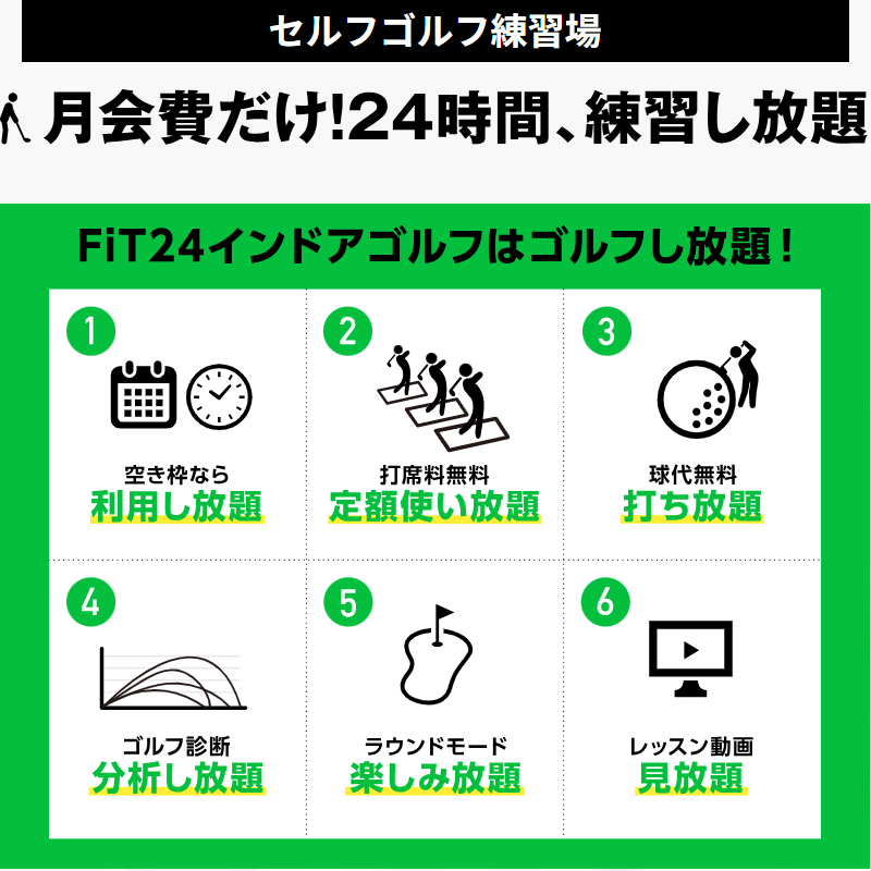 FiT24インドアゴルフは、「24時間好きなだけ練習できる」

--

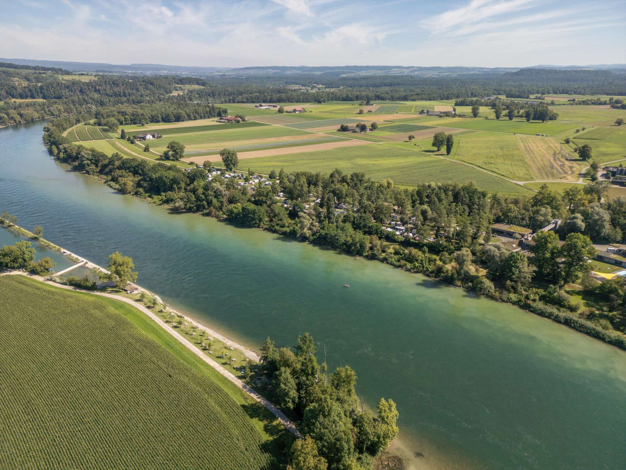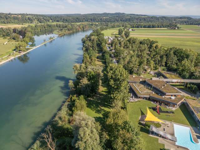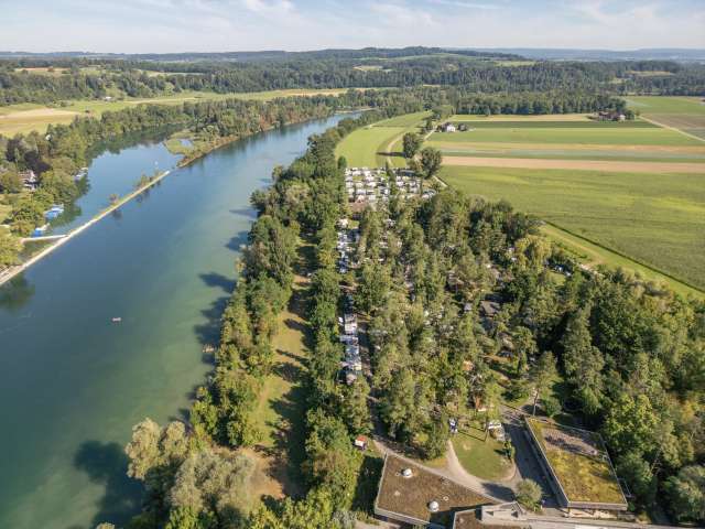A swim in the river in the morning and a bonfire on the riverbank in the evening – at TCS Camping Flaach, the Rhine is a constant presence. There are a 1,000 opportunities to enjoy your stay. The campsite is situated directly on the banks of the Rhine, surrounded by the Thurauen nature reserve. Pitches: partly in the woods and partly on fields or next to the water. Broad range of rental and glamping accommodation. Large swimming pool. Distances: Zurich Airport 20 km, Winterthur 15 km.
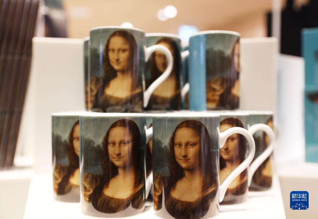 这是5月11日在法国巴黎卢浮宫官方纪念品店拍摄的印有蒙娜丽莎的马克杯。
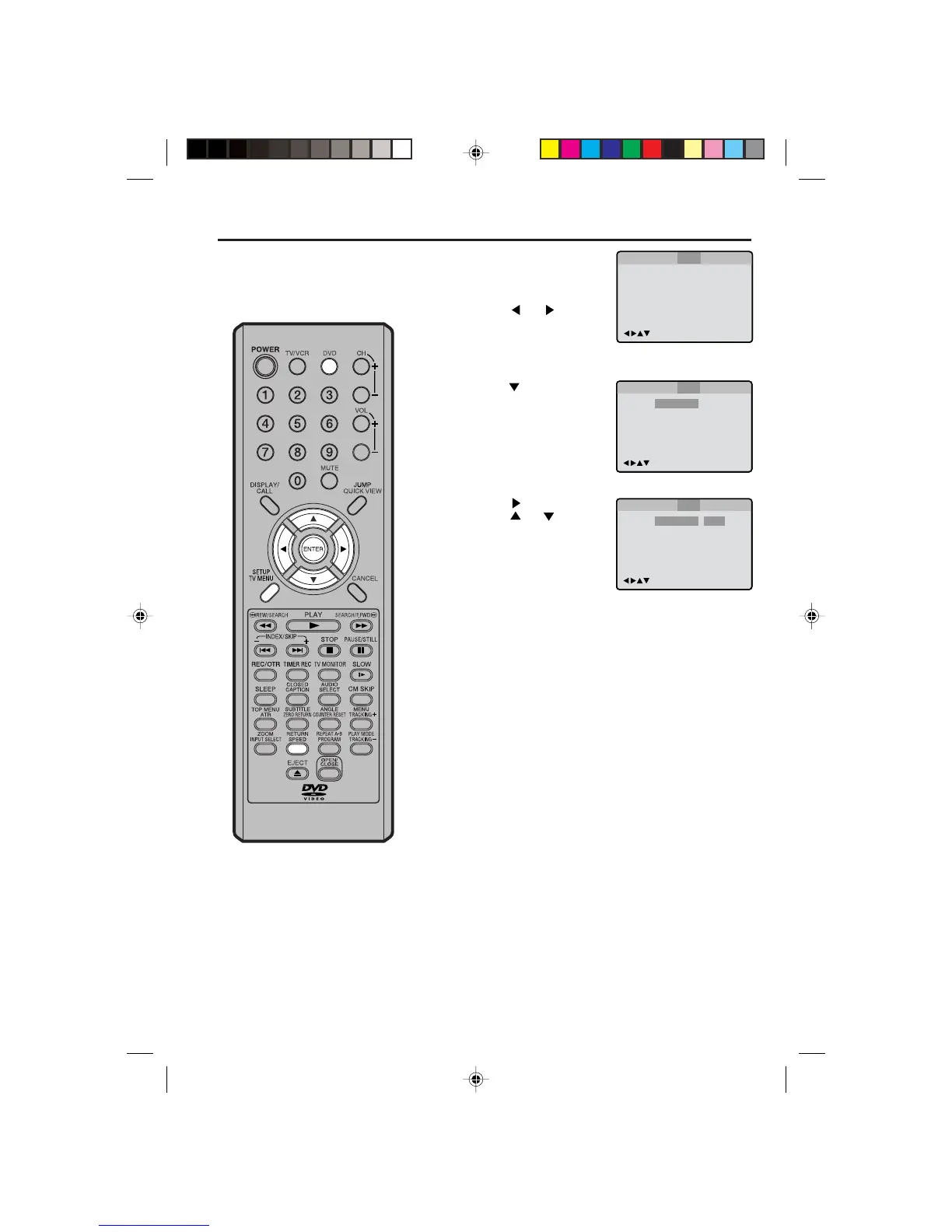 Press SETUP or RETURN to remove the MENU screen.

==

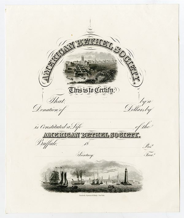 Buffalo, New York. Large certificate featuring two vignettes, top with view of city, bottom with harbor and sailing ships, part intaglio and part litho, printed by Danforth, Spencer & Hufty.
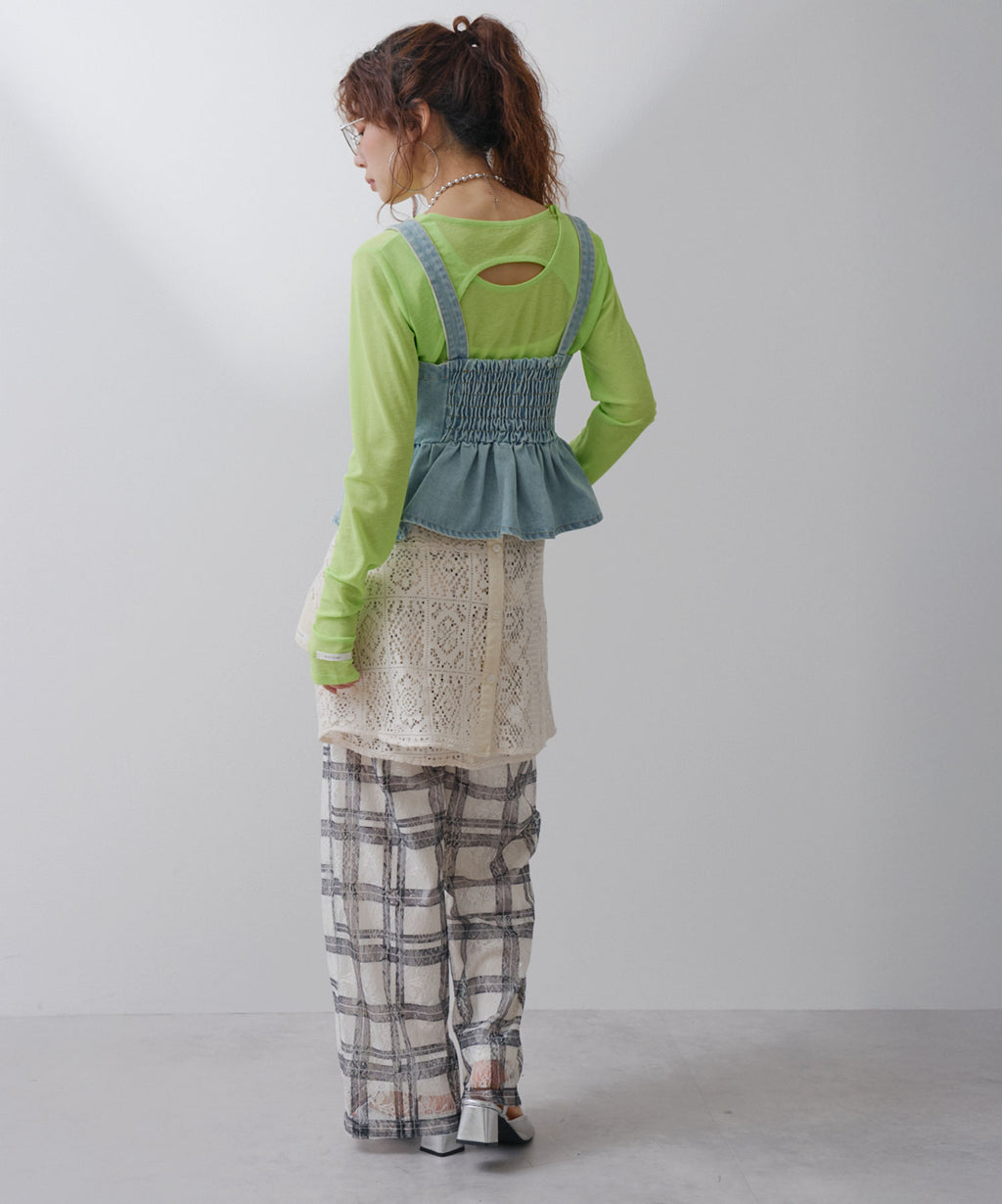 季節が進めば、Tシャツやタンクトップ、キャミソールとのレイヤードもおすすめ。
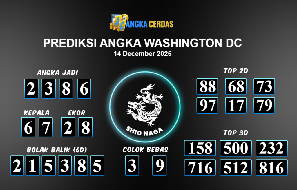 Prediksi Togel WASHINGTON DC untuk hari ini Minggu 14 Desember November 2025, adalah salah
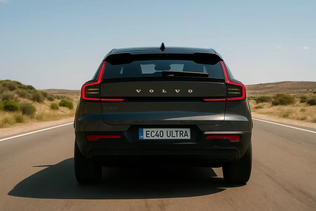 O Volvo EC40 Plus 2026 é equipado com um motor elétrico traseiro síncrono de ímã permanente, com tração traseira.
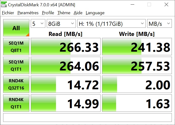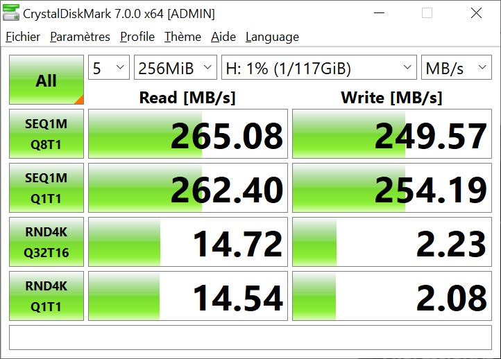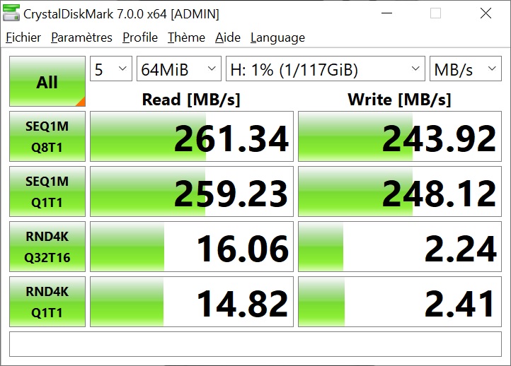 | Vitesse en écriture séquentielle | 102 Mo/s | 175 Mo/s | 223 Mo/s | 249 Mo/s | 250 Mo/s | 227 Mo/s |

#### [PROBLEM DETAILS]
Pictures aside, return exactly the lines from the data above, starting at the line that has "这是5月11日在法国巴黎卢浮宫官方纪念品店拍摄的印有蒙娜丽莎的马克杯。" and ending at the line that has "Press SETUP or", both included.

#### [THE COMPLETED TASK]
 这是5月11日在法国巴黎卢浮宫官方纪念品店拍摄的印有蒙娜丽莎的马克杯。
 Press SETUP or RETURN to remove the MENU screen.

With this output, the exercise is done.